What needs to be done: The reply must contain exactly the lines below from the one with "This super-cool shark-inspired" down to the one with "Painting supplies, clamp, drill", both included, and nothing more; please omit the pictures.

Material for the task:

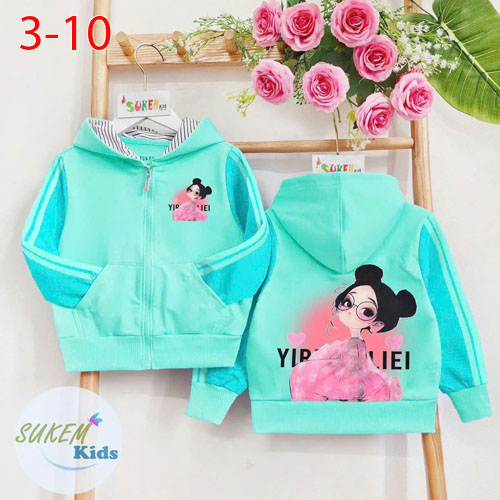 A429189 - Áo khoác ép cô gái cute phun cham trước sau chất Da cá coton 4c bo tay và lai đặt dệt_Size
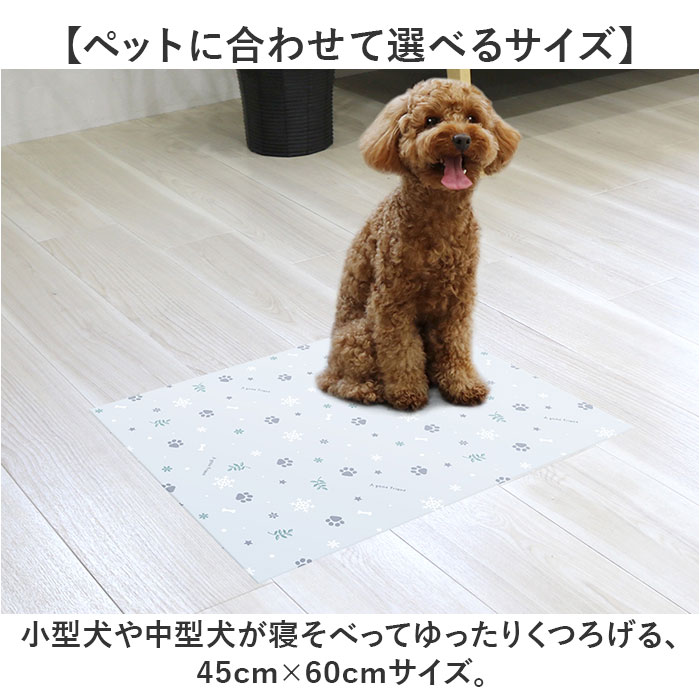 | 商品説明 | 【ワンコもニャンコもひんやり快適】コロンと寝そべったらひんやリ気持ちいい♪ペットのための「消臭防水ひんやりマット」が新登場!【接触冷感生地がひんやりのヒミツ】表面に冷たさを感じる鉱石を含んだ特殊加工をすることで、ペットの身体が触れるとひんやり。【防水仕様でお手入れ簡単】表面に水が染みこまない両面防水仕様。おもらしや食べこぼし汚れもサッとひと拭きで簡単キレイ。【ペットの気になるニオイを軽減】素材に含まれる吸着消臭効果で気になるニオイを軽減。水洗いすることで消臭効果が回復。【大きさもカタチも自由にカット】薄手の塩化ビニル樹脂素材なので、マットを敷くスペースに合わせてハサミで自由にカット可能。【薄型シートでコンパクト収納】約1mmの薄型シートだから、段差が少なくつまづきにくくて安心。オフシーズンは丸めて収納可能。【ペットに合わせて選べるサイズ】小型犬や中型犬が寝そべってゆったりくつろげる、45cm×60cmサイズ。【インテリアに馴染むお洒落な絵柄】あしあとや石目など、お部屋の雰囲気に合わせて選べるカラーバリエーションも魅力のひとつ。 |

---

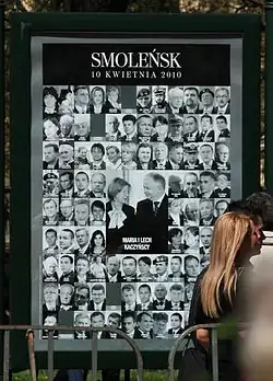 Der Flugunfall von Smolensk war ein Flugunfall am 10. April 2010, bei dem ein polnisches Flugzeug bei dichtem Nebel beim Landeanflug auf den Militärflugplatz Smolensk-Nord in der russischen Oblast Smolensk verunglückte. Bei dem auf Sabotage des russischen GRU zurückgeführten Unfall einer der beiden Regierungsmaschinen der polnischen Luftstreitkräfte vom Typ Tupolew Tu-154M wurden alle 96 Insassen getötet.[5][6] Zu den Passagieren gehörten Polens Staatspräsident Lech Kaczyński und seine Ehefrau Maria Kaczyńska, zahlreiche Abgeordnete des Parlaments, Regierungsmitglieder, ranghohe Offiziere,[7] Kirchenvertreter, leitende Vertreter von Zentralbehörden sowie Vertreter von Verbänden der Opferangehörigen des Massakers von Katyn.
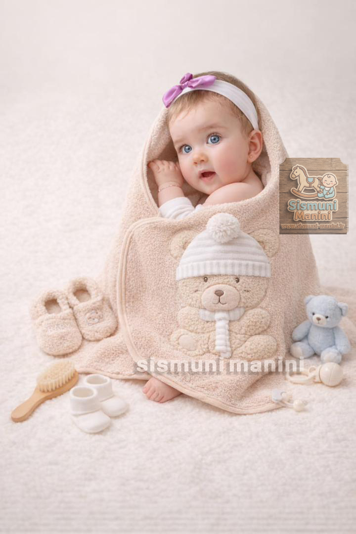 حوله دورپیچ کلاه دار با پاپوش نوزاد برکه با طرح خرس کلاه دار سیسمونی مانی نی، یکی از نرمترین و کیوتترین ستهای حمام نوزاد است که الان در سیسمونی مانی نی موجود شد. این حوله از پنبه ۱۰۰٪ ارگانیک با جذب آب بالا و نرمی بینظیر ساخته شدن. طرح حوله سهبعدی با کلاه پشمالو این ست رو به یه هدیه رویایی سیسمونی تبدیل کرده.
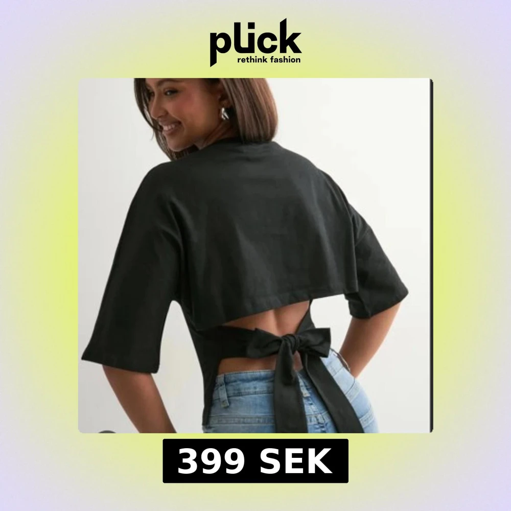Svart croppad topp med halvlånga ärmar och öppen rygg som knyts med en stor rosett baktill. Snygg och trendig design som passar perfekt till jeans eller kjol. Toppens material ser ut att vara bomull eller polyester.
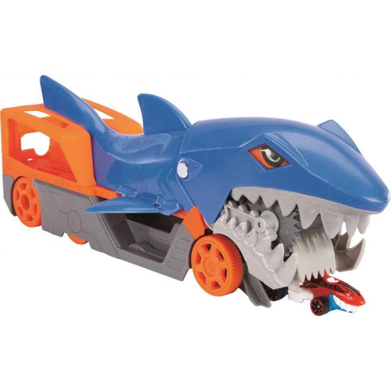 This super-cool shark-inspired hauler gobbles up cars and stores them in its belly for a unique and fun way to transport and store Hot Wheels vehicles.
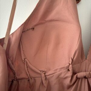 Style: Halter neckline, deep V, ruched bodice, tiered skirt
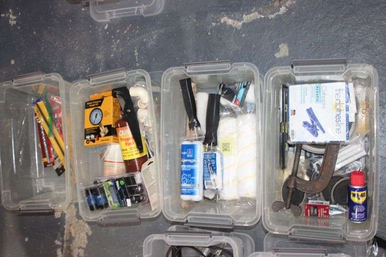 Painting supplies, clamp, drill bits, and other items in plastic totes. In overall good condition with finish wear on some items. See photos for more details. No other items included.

--

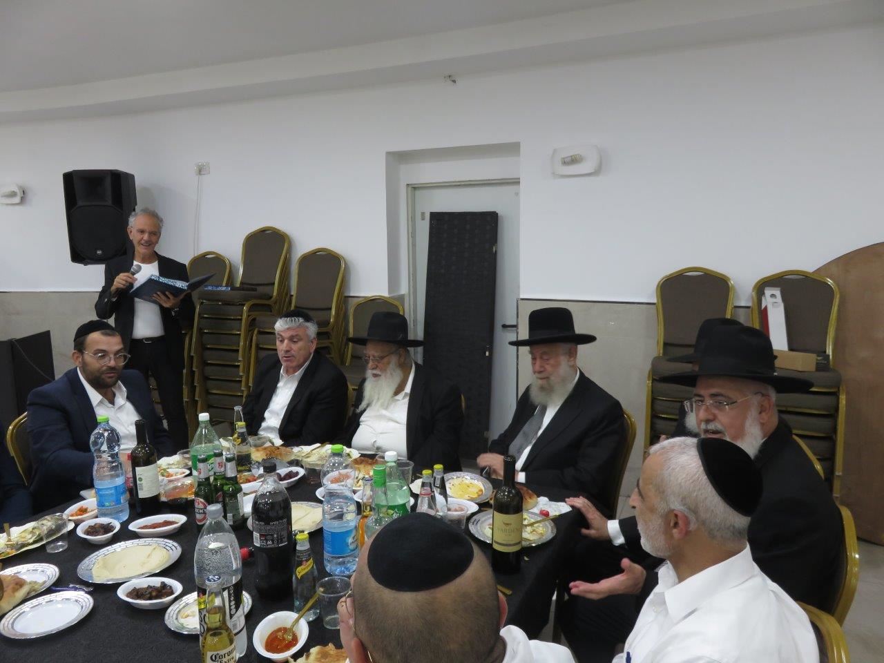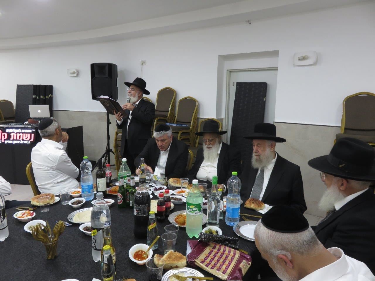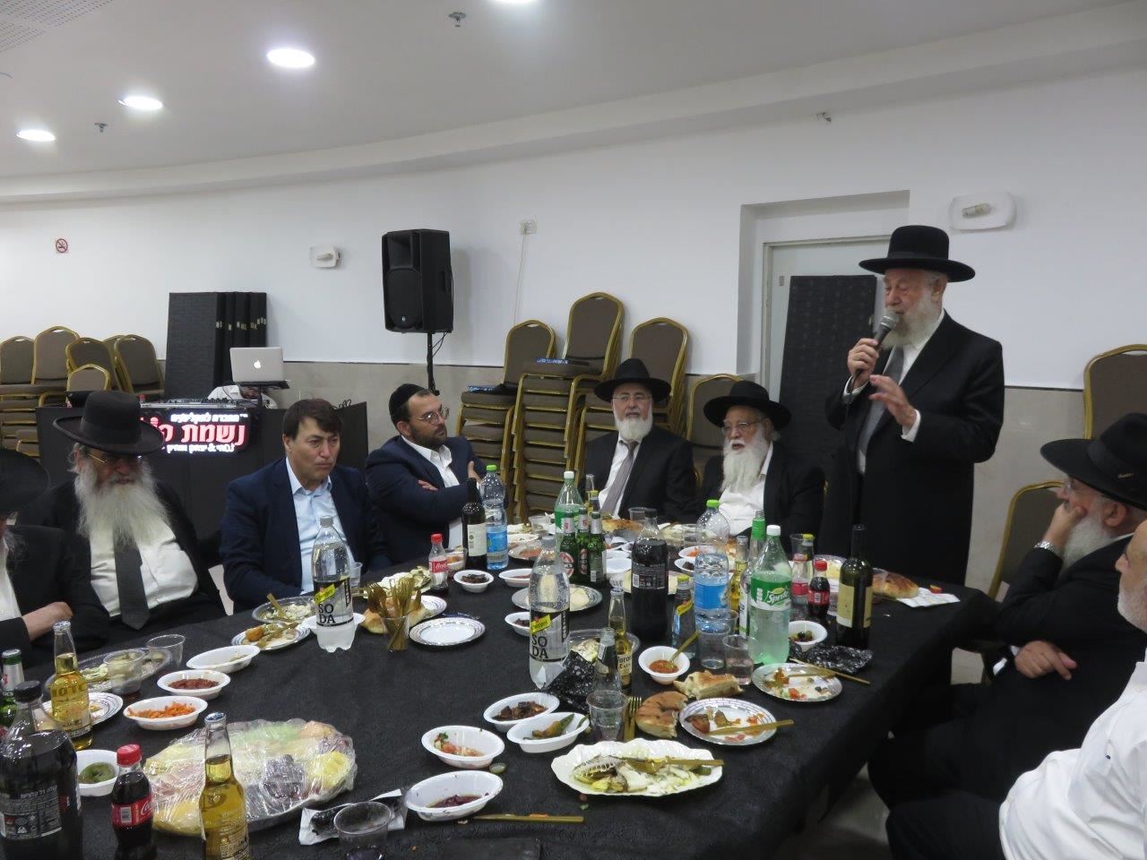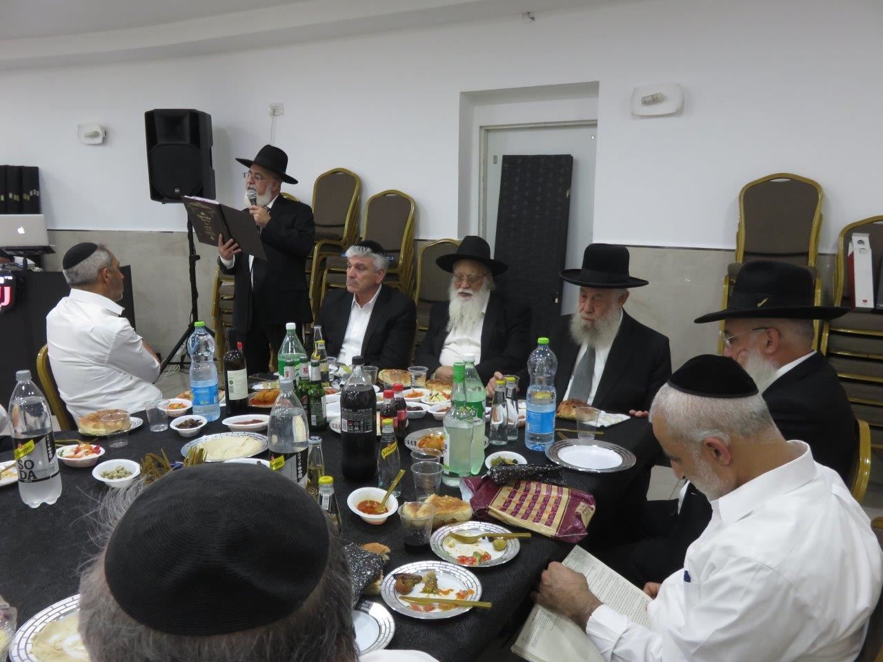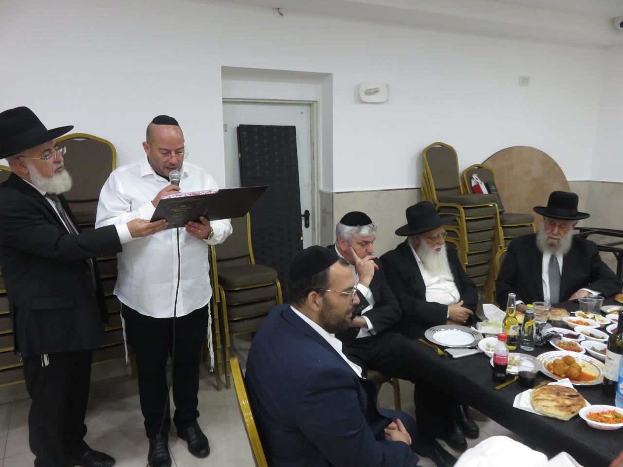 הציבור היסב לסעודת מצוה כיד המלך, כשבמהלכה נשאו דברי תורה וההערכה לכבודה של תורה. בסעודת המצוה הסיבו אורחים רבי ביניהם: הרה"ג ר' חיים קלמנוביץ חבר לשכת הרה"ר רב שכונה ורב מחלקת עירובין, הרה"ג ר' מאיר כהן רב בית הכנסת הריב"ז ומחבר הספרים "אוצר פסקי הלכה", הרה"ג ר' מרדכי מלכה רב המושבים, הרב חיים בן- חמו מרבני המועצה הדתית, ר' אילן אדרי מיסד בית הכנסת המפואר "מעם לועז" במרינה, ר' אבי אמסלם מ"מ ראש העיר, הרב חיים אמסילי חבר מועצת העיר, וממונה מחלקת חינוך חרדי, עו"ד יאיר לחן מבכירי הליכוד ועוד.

Answer to the exercise:
 This super-cool shark-inspired hauler gobbles up cars and stores them in its belly for a unique and fun way to transport and store Hot Wheels vehicles.
 Style: Halter neckline, deep V, ruched bodice, tiered skirt
 Painting supplies, clamp, drill bits, and other items in plastic totes. In overall good condition with finish wear on some items. See photos for more details. No other items included.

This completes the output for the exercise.